Andrè Schofield offers an acrylic kit that assembles into a base for a long caboose. 

I bought one and covered it in thin scribed wood siding. I got some caboose trucks from Ozark. The railing and grab irons are made from brass rod and strip. The roof is covered with something I picked up at the fabric store - Pattern-Ease. The smoke stack is just some brass tube.


----------



## tj-lee (Jan 2, 2008)

Bruce, 

Really outstanding! 

Best, 
TJ


----------



## Stan Cedarleaf (Jan 2, 2008)

Very, Very nice, Bruce. Outstanding.....


----------



## paintjockey (Jan 3, 2008)

she's a beaut!


----------



## Steve Stockham (Jan 2, 2008)

That's a well crafted model! She looks great! I'll bet you had a blast constructing her!


----------



## Jack - Freshwater Models (Feb 17, 2008)

Very nice! What scale? 

Jack


----------



## Bruce Chandler (Jan 2, 2008)

Thanks, guys.

It's 1:20 scale.

Here's a few more shots before it was painted.


----------



## jimtyp (Jan 2, 2008)

Sweet!


----------



## Dansgscale (Jan 9, 2010)

Awesome caboose: I have been wanting to make one of the long cabooses for a while now, but have not been able to find any measured drawings online. Now I find out that Bruce Maxwell passed away last december and his son is not going to continue selling the photos and Drawings that Bruce's Father amased and sold over the years, it will get even harder to find some. Can you give more information on the acrylic bsae you used and where you obtained it and the Scribed wood you used. 

Again, Awesome model. 

Dan S.


----------



## Bruce Chandler (Jan 2, 2008)

Dan,

The kit consists of several pieces of 7/32" acrylic. Sides, ends, floors, roof, and cupola pieces. 

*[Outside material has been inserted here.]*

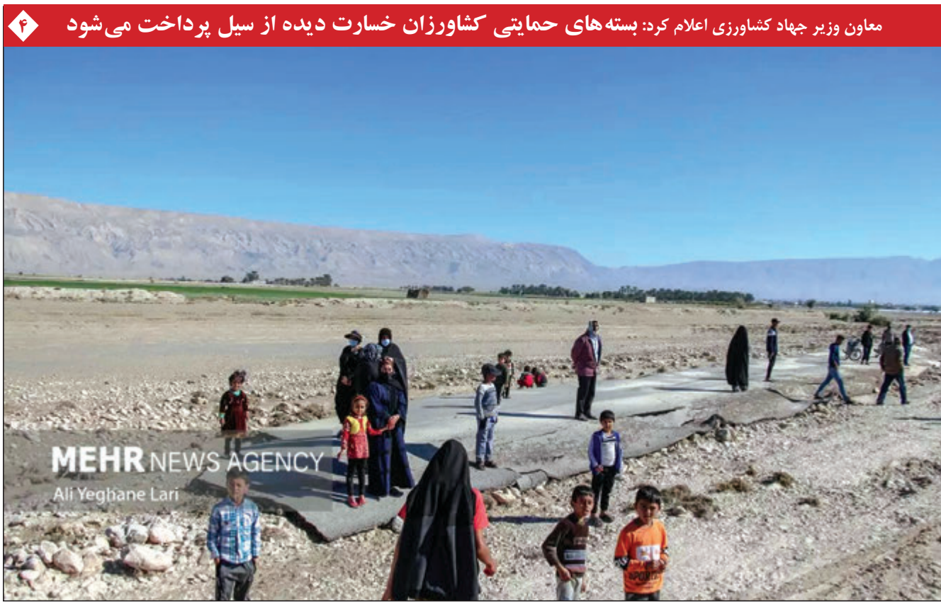
معاون وزیر جهاد کشاورزی اعلام کرد: بسته‌های حمایتی کشاورزان خسارت دیده از سیل پرداخت می‌شود

I got it from Andrè Schofield - I thought he had an ad in classifieds, but I can't seem to find it. Anyway, there's more info here: http://www.lakesalteredimages.com/Prices.html 

I bought some scribed siding from MicroMark - it's 1/16" thick with 3/16" spacing. 



There's a few more pictures and detail over here: http://www.largescalecentral.com/LSCForums/viewtopic.php?id=12834

Edited to add working links. I THOUGHT they were automatic.


----------



## Paulus (May 31, 2008)

Very nice caboose indeed! I looked at the pictures of the construction of the details on the LSC link you posted... what a craftmanship! 
That Pattern Ease on the roof looks good.


----------



## joe rusz (Jan 3, 2008)

Bruce, that is one sweet ??? hack? Of course, being Bruce Chandler with his modeling skills helps a bit  That's the kind of stuff they don't tell you when you buy the kit.


----------